§ **WHAT THE TASK REQUIRES**
Your output should be everything below from the line containing "Generative ai studio" down to the line containing "Powermate M2B battery", both ends included, copied exactly, with pictures left out.

§ **SUPPLIED ENTRIES**
---------------

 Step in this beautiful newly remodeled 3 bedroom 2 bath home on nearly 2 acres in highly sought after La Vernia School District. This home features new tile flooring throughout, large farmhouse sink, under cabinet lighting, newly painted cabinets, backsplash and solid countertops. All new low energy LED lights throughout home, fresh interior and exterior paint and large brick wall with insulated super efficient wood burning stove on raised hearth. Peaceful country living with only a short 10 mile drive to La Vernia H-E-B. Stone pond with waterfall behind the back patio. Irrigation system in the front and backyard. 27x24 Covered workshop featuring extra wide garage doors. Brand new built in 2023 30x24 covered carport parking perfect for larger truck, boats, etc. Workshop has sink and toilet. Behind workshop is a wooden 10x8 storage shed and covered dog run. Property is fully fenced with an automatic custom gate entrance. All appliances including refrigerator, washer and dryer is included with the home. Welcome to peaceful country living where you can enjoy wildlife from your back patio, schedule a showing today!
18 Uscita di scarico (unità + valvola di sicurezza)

---------------

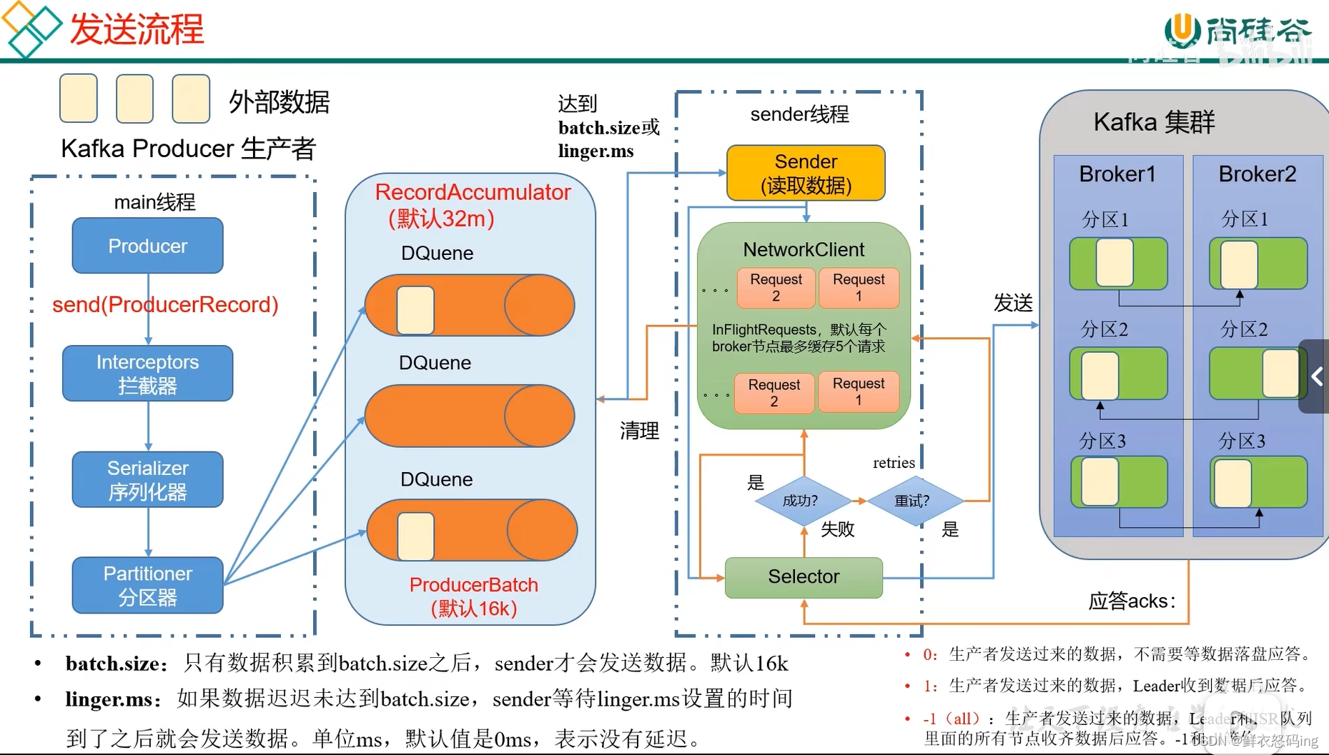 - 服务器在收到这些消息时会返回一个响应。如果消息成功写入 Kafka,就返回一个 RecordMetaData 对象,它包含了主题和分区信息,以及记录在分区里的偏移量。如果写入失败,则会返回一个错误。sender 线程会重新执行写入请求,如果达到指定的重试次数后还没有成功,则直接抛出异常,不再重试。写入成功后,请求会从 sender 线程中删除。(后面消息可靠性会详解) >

---------------

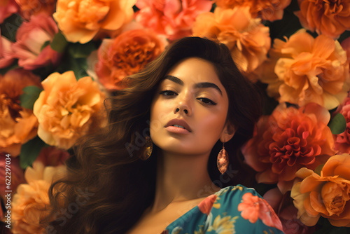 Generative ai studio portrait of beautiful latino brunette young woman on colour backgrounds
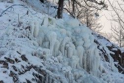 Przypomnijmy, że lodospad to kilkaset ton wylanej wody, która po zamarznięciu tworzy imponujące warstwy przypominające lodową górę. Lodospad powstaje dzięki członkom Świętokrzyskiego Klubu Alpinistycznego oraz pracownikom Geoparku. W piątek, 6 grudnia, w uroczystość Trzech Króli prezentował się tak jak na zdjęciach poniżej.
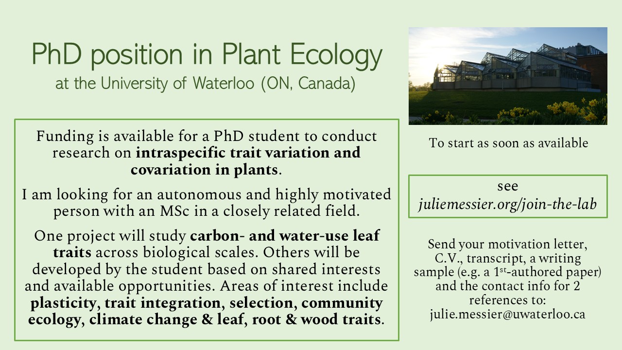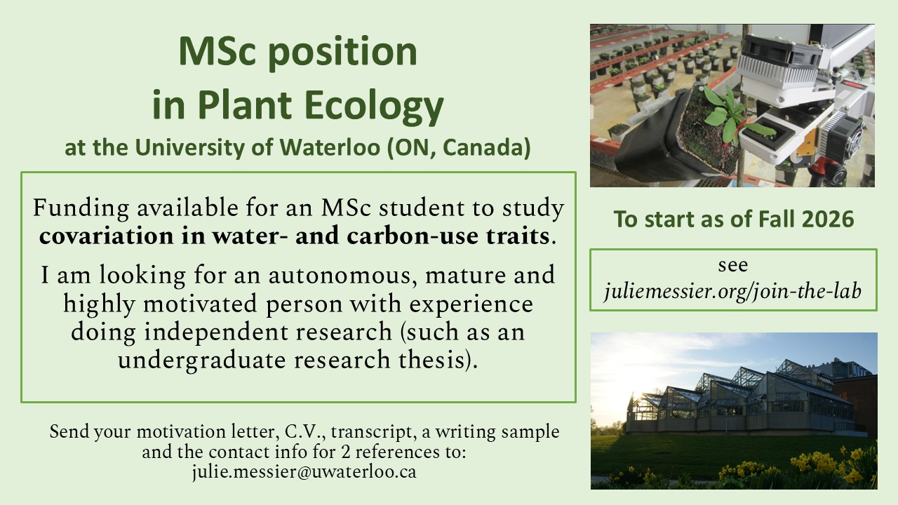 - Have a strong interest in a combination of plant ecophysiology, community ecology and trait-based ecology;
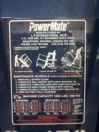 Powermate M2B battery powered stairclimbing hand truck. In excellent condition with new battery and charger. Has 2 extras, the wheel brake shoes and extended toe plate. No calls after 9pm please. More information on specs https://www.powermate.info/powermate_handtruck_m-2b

---------------

§ **SOLUTION TO THE PROBLEM**
 Generative ai studio portrait of beautiful latino brunette young woman on colour backgrounds
 Przypomnijmy, że lodospad to kilkaset ton wylanej wody, która po zamarznięciu tworzy imponujące warstwy przypominające lodową górę. Lodospad powstaje dzięki członkom Świętokrzyskiego Klubu Alpinistycznego oraz pracownikom Geoparku. W piątek, 6 grudnia, w uroczystość Trzech Króli prezentował się tak jak na zdjęciach poniżej.
 - Have a strong interest in a combination of plant ecophysiology, community ecology and trait-based ecology;
 Powermate M2B battery powered stairclimbing hand truck. In excellent condition with new battery and charger. Has 2 extras, the wheel brake shoes and extended toe plate. No calls after 9pm please. More information on specs https://www.powermate.info/powermate_handtruck_m-2b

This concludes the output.